Когда дело стало подходить к экзаменам, Шура в каждом письме начал меня умолять: «Мама, если можешь, то достань мне широкий ремень; если можешь, то с портупеей». И через несколько дней снова: «Мама, поищи получше! Какой я буду офицер, если ремень у меня совсем никуда не годится». Сквозь эти строки на меня смотрели отчаянные глаза маленького Шуры. Точно так же, почти теми же словами он просил в детстве, когда ему чего-нибудь очень хотелось.

Вот передо мною сто Шуриных писем, от самого первого до последнего, — и, перечитывая их, я вижу, как рос, как мужал мой мальчик.

Однажды я получила от него такое письмо:

«Мама, мои занятия в училище близятся к концу — 1 ноября начинаются экзамены. Я устаю, недосыпаю, но работаю много. Сказалось, что я нахожусь здесь почти вдвое меньше времени, чем другие.

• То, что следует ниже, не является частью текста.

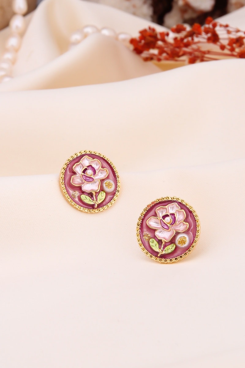 Oorbellen - Poederroze en Goudkleurig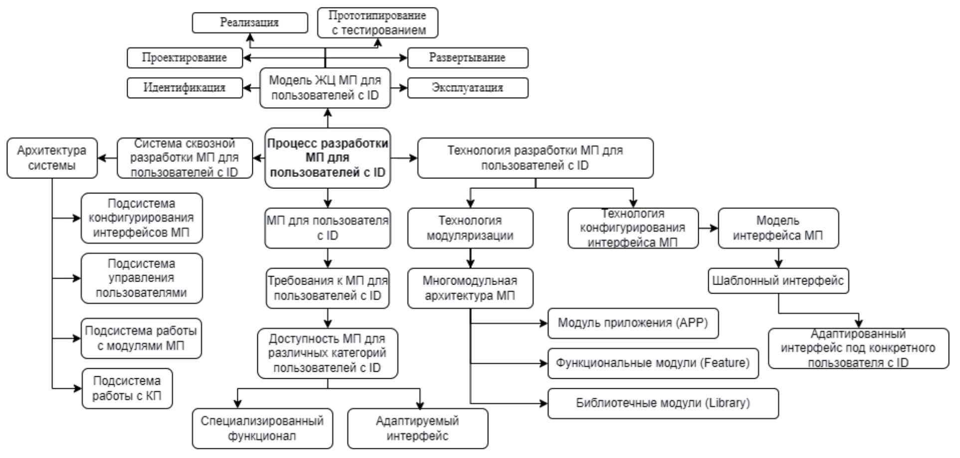 Категоризация МП для пользователей с ОИВ позволяет объединить знания о таких МП, как об объектах разработки, и описать их как самостоятельную область знаний. В качестве формальной модели представления знаний выбрана онтологическая модель. Использование этой модели позволяет извлекать знания о различных аспектах процесса разработки МП для пользователей с ОИВ, технологиях и средствах разработки и применять их для создания МП, доступных людям с различными интеллектуальными возможностями и ограничениями. Онтология процесса разработки МП для пользователей с ОИВ представлена на рисунке 4.

Отстал.

Экзамены эти будут самыми главными в моей жизни. Я напрягу все свои силы, все внимание, потому что страна должна получить хорошо подготовленного танкиста-лейтенанта, именно лейтенанта, а не младшего лейтенанта и не старшего сержанта. Ты пойми — это не честолюбие, не тщеславие; просто я должен сделать все, что смогу, чтобы быть нужнее, полезнее. Я читаю о том, как фашисты жгут наши города и села, как они мучают детей и женщин, я вспоминаю о том, как замучили Зою, и хочу только одного: скорее на фронт».

И другое письмо:

«Мама, слушай: госэкзамены закончились. По технике — «отлично», по огневой подготовке — «отлично», по тактике и военной топографии — «отлично»...»

А в конце этого гордого, праздничного письма — приписка: «Получил письмо от дедушки — он болен и одинок».

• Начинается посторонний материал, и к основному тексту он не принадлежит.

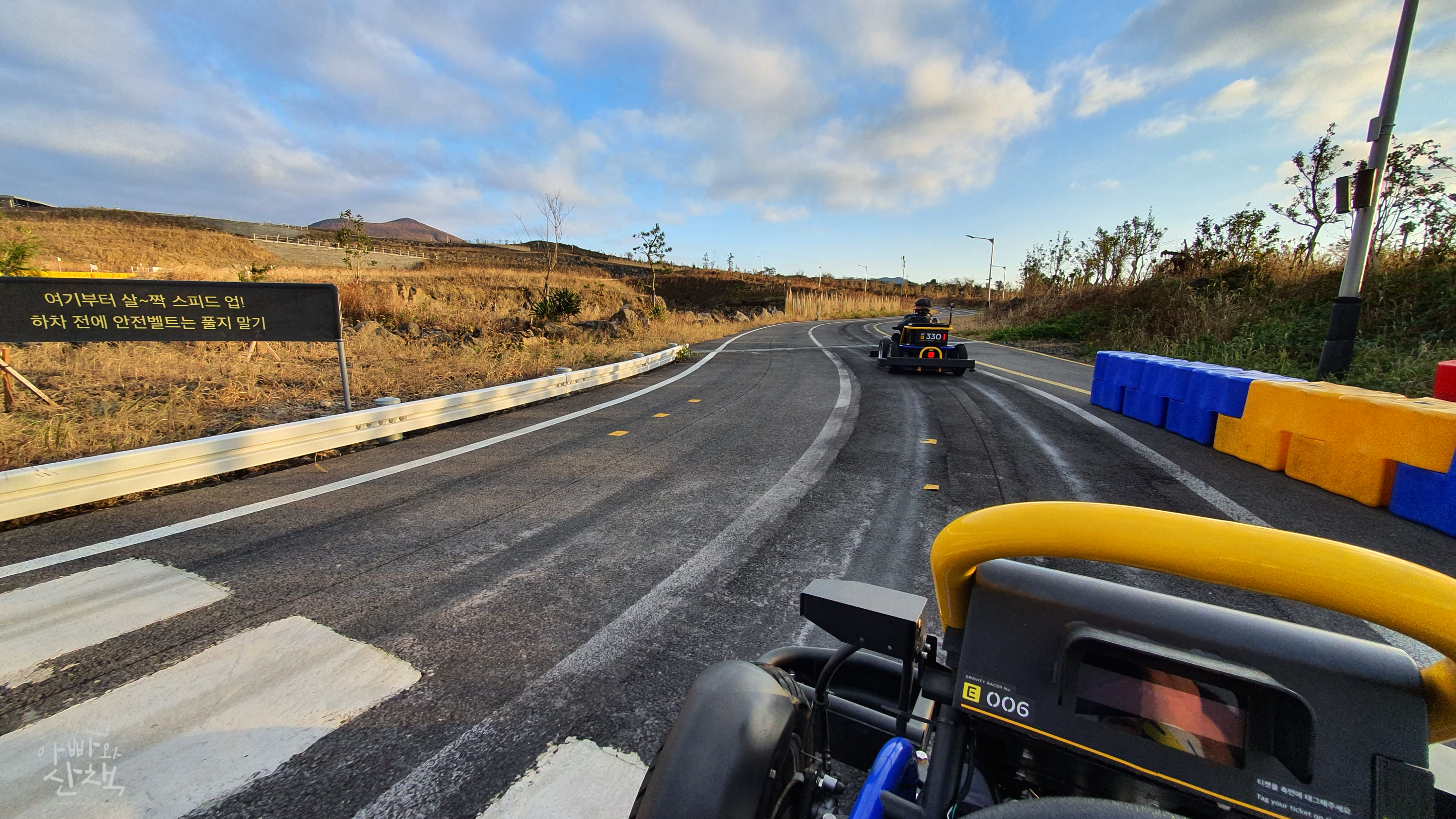 코스가 끝나면 언덕 위까지 자동 운전으로 이동하게 되는데 이 시간은 두 손을 놓고 제주의 풍경을 카메라에 마음껏 담을 수 있는 색다른 즐거움을 만끽할 수 있습니다.

...Однажды в теплый осенний вечер я сидела у окна и смотрела на улицу. Передо мною лежали письма, на которые надо было ответить, а я все не могла отвести взгляд от светлого, безоблачного неба. И вдруг на глаза мне легли широкие теплые ладони.

— Шурик!.. — только и могла я сказать.

— Ты не слыхала ни стука, ни того, как мне открыли, ничего! — смеясь, говорил он. — Я стою в дверях, смотрю на тебя, а ты все сидишь и сидишь! — И, снова закрыв мне глаза рукой (словно думал, что так мне легче будет выслушать это), сказал: — Я приехал проститься. Завтра уезжаю на фронт.

Он возмужал, стал еще шире в плечах, но синие глаза смотрели все так же по-мальчишески весело и открыто.

И опять была трудная, горькая ночь. Шура крепко спал, положив ладонь под щеку, а я то и дело вставала взглянуть на него и не могла наглядеться. Мне страшно было думать, что эта ночь кончится. Но в урочный час пришел рассвет, Шура вскочил, быстро умылся и оделся, наскоро выпил чаю и, подойдя ко мне, сказал уже привычное:

— Не провожай. Береги себя. А за меня не беспокойся.

— Будь честным... и стойким... пиши чаще... — с трудом ответила я.

ВОЕННЫЙ КОРРЕСПОНДЕНТ

Шура уехал, и писем от него не было. Прошел месяц. Я боялась подходить к почтовому ящику — мне все казалось, что я найду в нем беспощадное известие... Это были очень тяжкие дни, полные такого давящего, такого мучительного ожидания, какого я не испытывала даже после ухода Зои. Ведь тогда я еще не знала, что значит потерять ребенка. Теперь я знала это.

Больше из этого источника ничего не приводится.